+++ DATASET EXTRACT
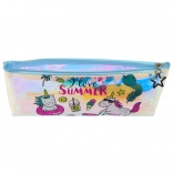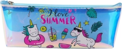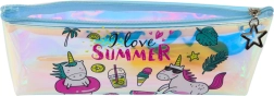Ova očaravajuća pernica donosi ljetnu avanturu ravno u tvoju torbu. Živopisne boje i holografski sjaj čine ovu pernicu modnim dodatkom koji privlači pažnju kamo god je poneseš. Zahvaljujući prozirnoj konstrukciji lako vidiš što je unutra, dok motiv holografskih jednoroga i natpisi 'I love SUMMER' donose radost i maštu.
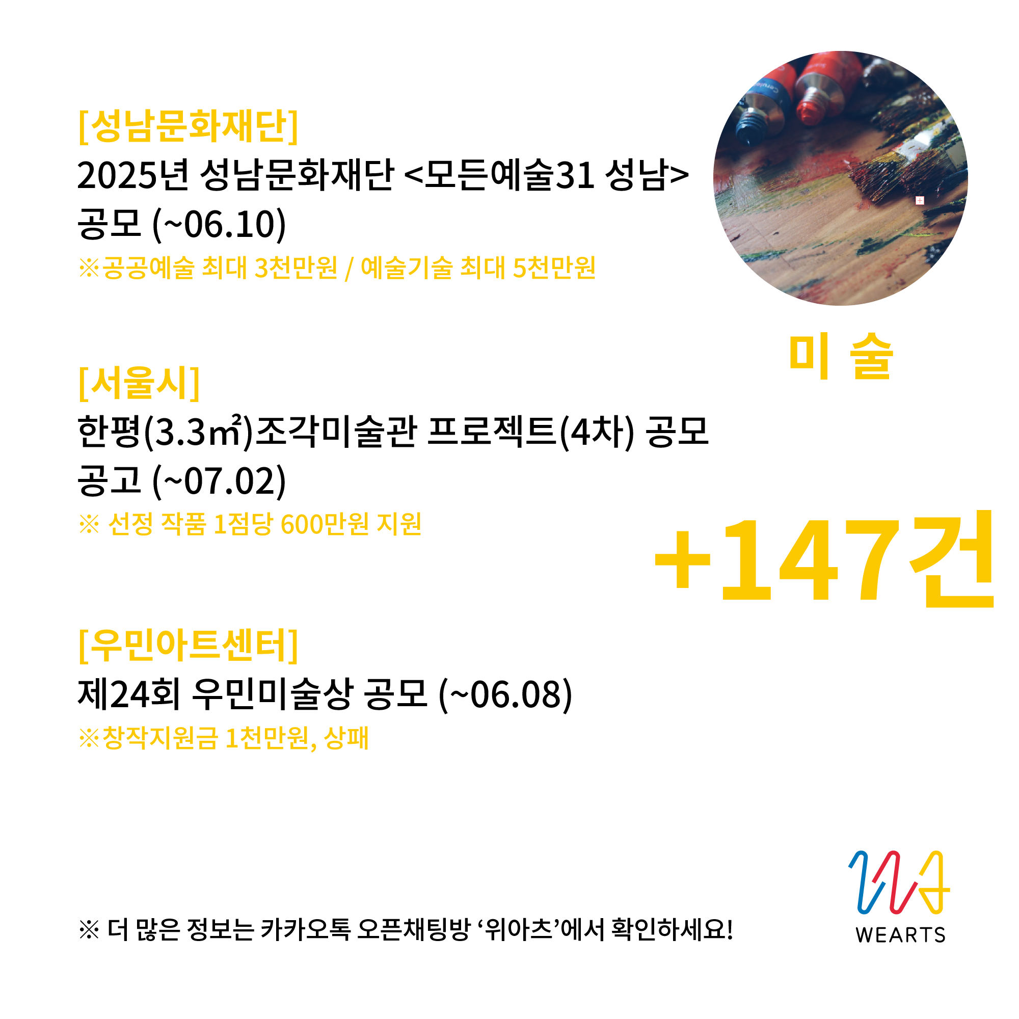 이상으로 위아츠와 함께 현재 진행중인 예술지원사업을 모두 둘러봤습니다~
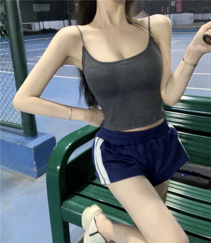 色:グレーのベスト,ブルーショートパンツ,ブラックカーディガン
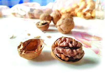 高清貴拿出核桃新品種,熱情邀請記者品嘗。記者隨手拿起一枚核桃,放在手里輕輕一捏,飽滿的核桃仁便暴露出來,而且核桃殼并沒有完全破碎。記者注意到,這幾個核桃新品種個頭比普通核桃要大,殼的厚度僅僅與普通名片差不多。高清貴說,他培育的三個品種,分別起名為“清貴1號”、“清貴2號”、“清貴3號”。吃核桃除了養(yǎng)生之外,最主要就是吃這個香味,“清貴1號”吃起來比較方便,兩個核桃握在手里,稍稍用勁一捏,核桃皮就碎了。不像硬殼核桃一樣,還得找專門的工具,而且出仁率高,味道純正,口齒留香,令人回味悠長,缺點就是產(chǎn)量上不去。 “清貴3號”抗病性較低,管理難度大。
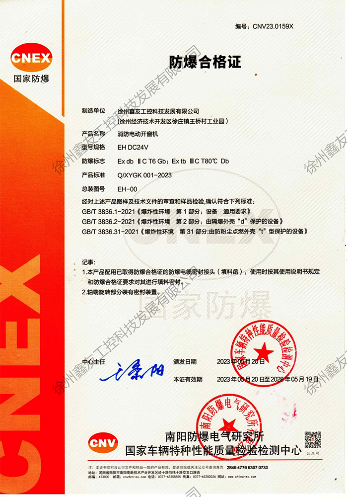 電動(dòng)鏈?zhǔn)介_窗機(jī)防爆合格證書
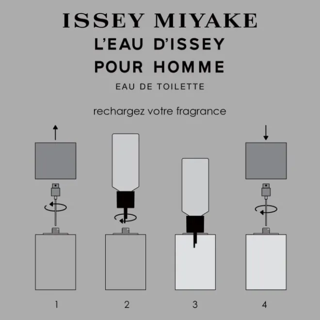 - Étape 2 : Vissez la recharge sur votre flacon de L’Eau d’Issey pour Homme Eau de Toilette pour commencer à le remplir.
++++++
Nothing but the text of the listing should be set down, exactly, with the pictures left behind.

Ova očaravajuća pernica donosi ljetnu avanturu ravno u tvoju torbu. Živopisne boje i holografski sjaj čine ovu pernicu modnim dodatkom koji privlači pažnju kamo god je poneseš. Zahvaljujući prozirnoj konstrukciji lako vidiš što je unutra, dok motiv holografskih jednoroga i natpisi 'I love SUMMER' donose radost i maštu.
 이상으로 위아츠와 함께 현재 진행중인 예술지원사업을 모두 둘러봤습니다~
 色:グレーのベスト,ブルーショートパンツ,ブラックカーディガン
 高清貴拿出核桃新品種,熱情邀請記者品嘗。記者隨手拿起一枚核桃,放在手里輕輕一捏,飽滿的核桃仁便暴露出來,而且核桃殼并沒有完全破碎。記者注意到,這幾個核桃新品種個頭比普通核桃要大,殼的厚度僅僅與普通名片差不多。高清貴說,他培育的三個品種,分別起名為“清貴1號”、“清貴2號”、“清貴3號”。吃核桃除了養(yǎng)生之外,最主要就是吃這個香味,“清貴1號”吃起來比較方便,兩個核桃握在手里,稍稍用勁一捏,核桃皮就碎了。不像硬殼核桃一樣,還得找專門的工具,而且出仁率高,味道純正,口齒留香,令人回味悠長,缺點就是產(chǎn)量上不去。 “清貴3號”抗病性較低,管理難度大。
 電動(dòng)鏈?zhǔn)介_窗機(jī)防爆合格證書
 - Étape 2 : Vissez la recharge sur votre flacon de L’Eau d’Issey pour Homme Eau de Toilette pour commencer à le remplir.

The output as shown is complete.